About this exercise
Please retype exactly the lines from the one containing "La investigación de" through the end of the records, leaving out the pictures.

The data

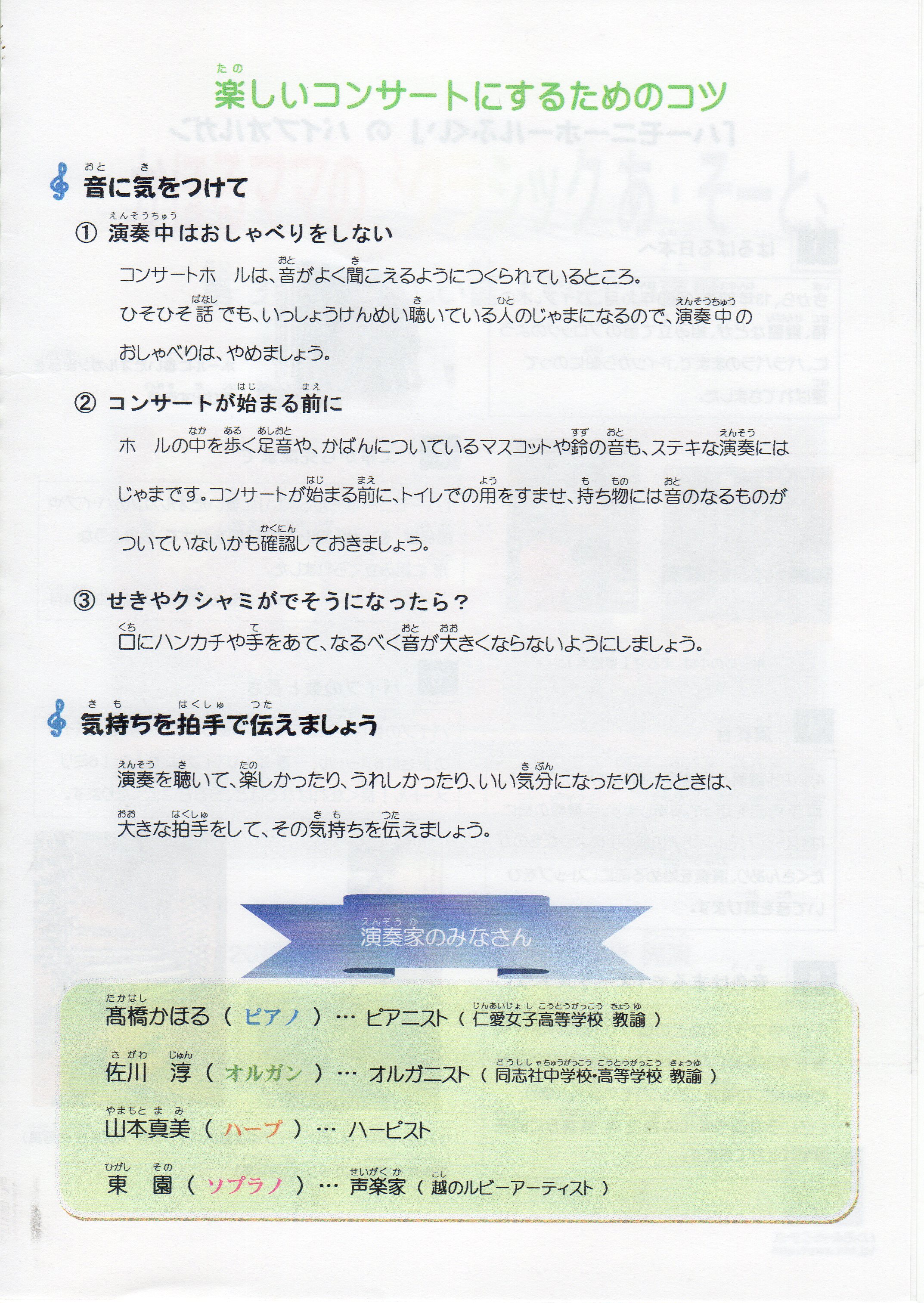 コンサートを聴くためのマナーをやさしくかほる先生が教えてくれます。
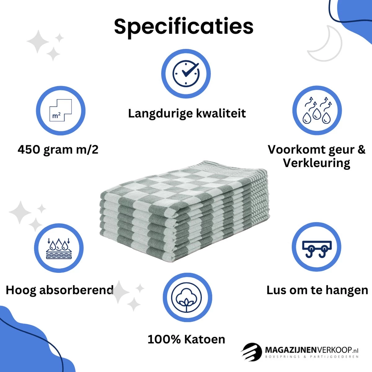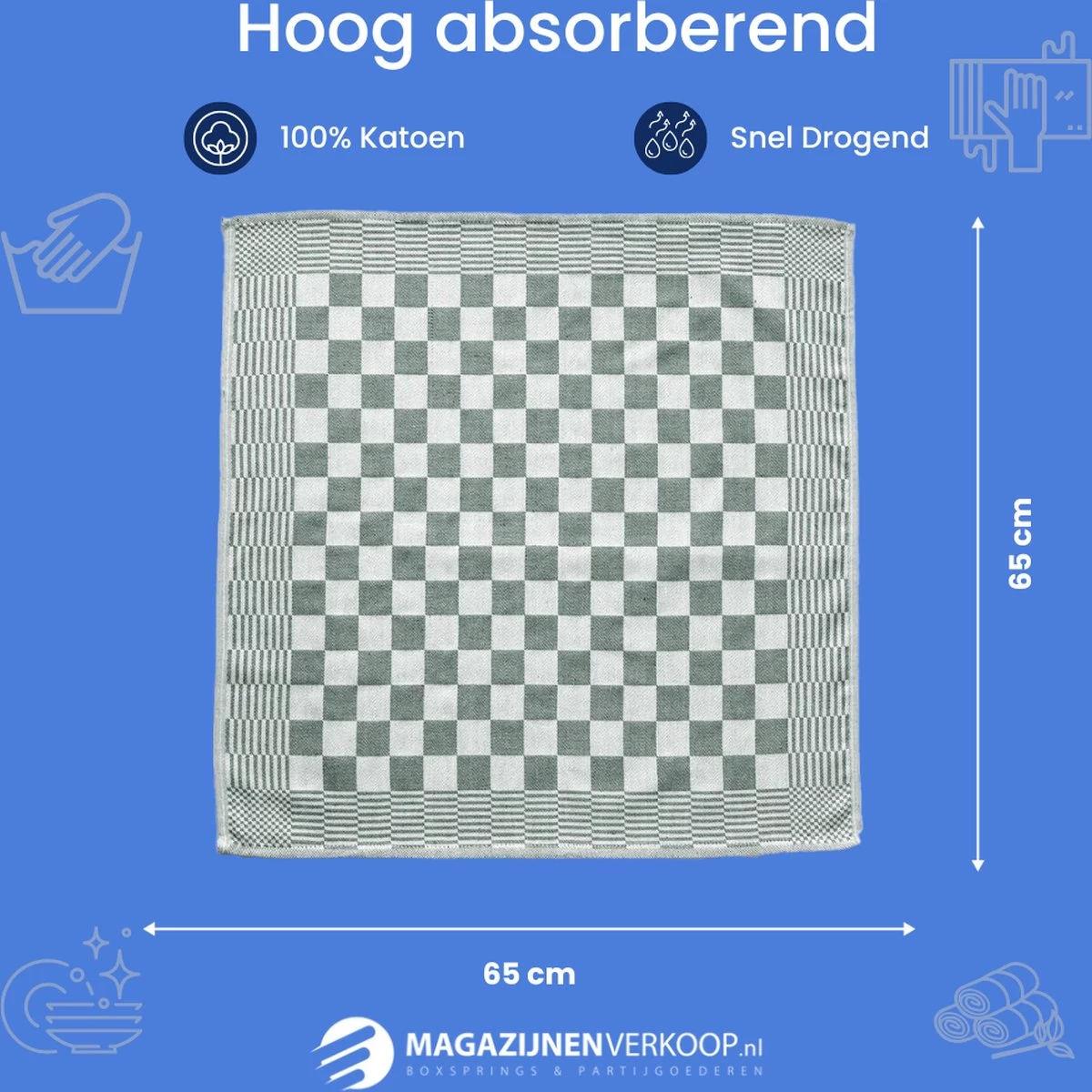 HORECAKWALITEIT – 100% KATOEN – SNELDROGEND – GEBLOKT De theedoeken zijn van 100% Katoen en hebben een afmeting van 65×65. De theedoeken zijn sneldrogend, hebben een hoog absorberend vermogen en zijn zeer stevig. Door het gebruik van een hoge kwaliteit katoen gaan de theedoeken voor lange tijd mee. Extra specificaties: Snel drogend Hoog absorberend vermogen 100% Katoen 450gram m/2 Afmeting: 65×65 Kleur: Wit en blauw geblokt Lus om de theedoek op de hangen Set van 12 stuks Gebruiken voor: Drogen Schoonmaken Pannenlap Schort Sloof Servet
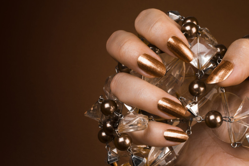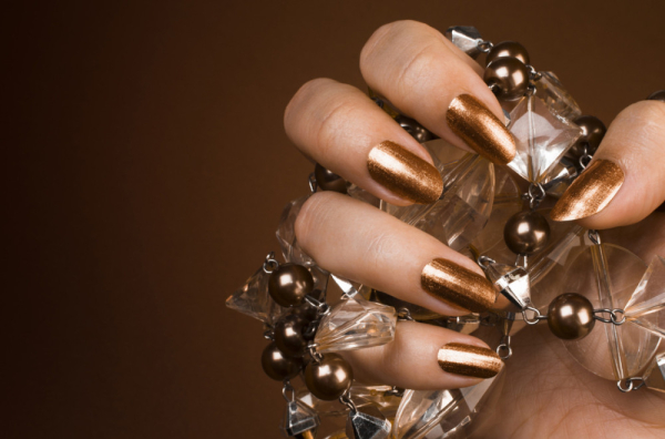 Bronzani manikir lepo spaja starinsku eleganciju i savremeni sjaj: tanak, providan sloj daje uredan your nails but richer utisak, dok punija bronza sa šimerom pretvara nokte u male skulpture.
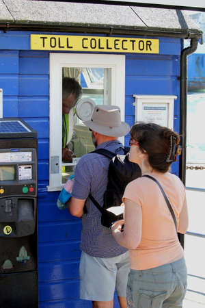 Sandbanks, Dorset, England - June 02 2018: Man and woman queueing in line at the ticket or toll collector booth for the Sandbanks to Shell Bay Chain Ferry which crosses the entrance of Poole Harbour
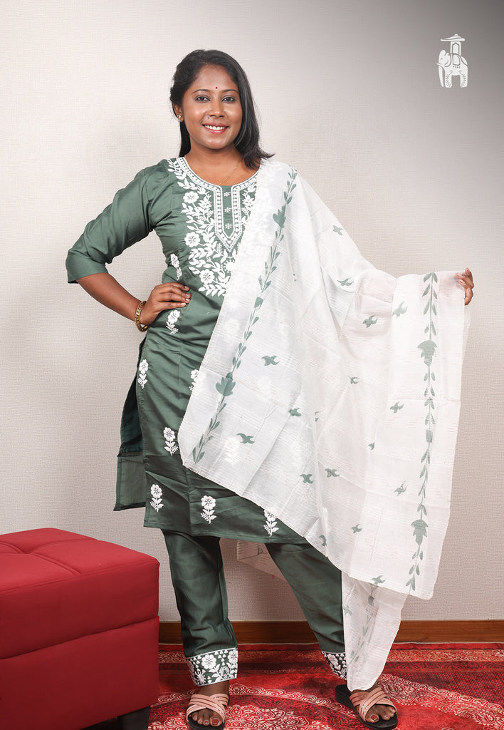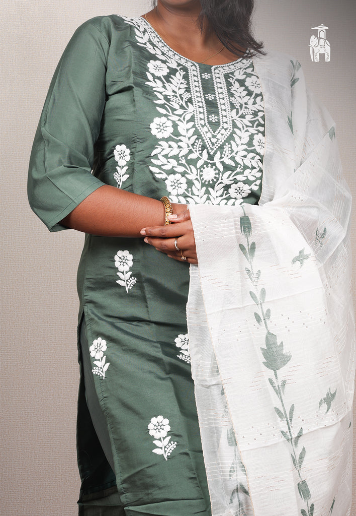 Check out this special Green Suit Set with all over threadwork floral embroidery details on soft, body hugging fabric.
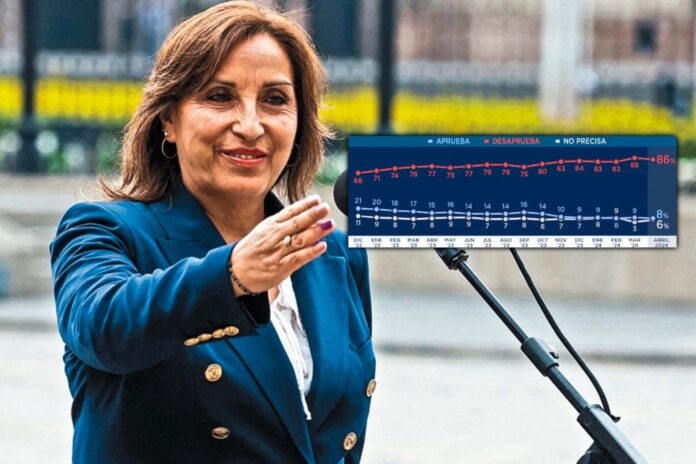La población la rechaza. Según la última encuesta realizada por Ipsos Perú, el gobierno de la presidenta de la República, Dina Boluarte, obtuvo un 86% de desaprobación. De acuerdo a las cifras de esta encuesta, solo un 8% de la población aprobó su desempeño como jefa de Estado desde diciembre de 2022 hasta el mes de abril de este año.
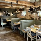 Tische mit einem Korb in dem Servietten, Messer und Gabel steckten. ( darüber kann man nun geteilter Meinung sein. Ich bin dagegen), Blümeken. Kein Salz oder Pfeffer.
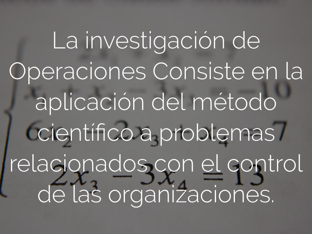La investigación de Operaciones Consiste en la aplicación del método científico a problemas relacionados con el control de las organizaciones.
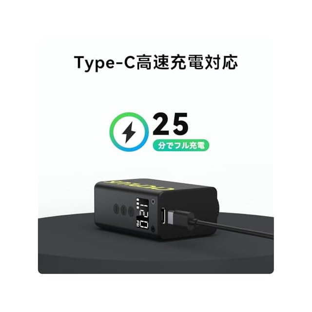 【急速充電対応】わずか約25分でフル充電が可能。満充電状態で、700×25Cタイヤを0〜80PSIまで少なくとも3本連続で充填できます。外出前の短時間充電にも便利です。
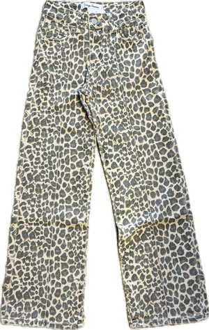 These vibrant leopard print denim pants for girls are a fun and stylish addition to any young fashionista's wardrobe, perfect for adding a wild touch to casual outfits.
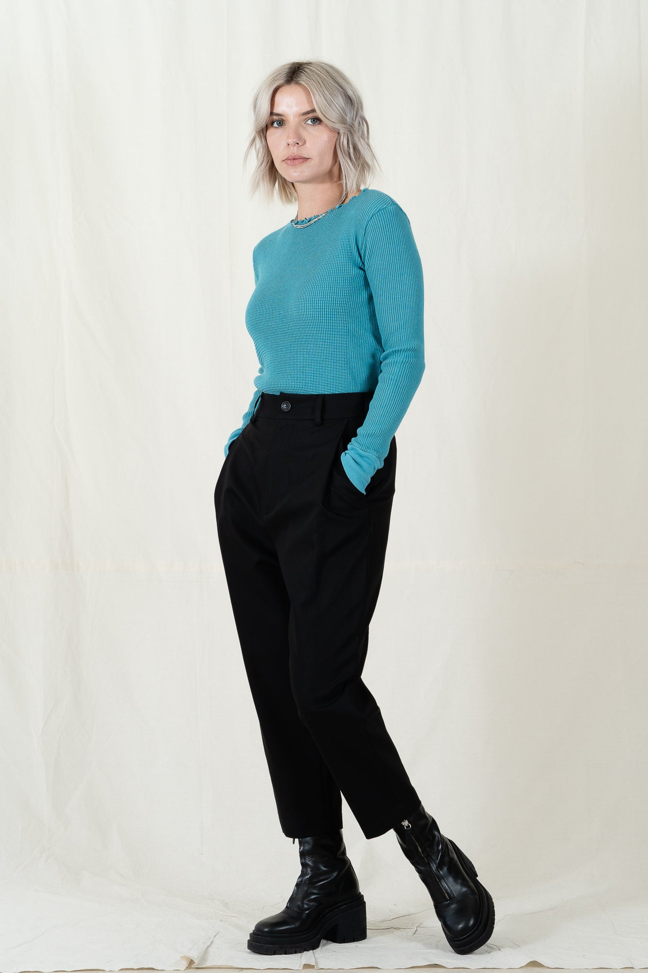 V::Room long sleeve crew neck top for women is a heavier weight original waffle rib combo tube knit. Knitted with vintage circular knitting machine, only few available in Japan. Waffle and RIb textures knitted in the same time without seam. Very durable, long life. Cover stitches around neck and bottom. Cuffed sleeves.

Response for this exercise
La investigación de Operaciones Consiste en la aplicación del método científico a problemas relacionados con el control de las organizaciones.
 【急速充電対応】わずか約25分でフル充電が可能。満充電状態で、700×25Cタイヤを0〜80PSIまで少なくとも3本連続で充填できます。外出前の短時間充電にも便利です。
 These vibrant leopard print denim pants for girls are a fun and stylish addition to any young fashionista's wardrobe, perfect for adding a wild touch to casual outfits.
 V::Room long sleeve crew neck top for women is a heavier weight original waffle rib combo tube knit. Knitted with vintage circular knitting machine, only few available in Japan. Waffle and RIb textures knitted in the same time without seam. Very durable, long life. Cover stitches around neck and bottom. Cuffed sleeves.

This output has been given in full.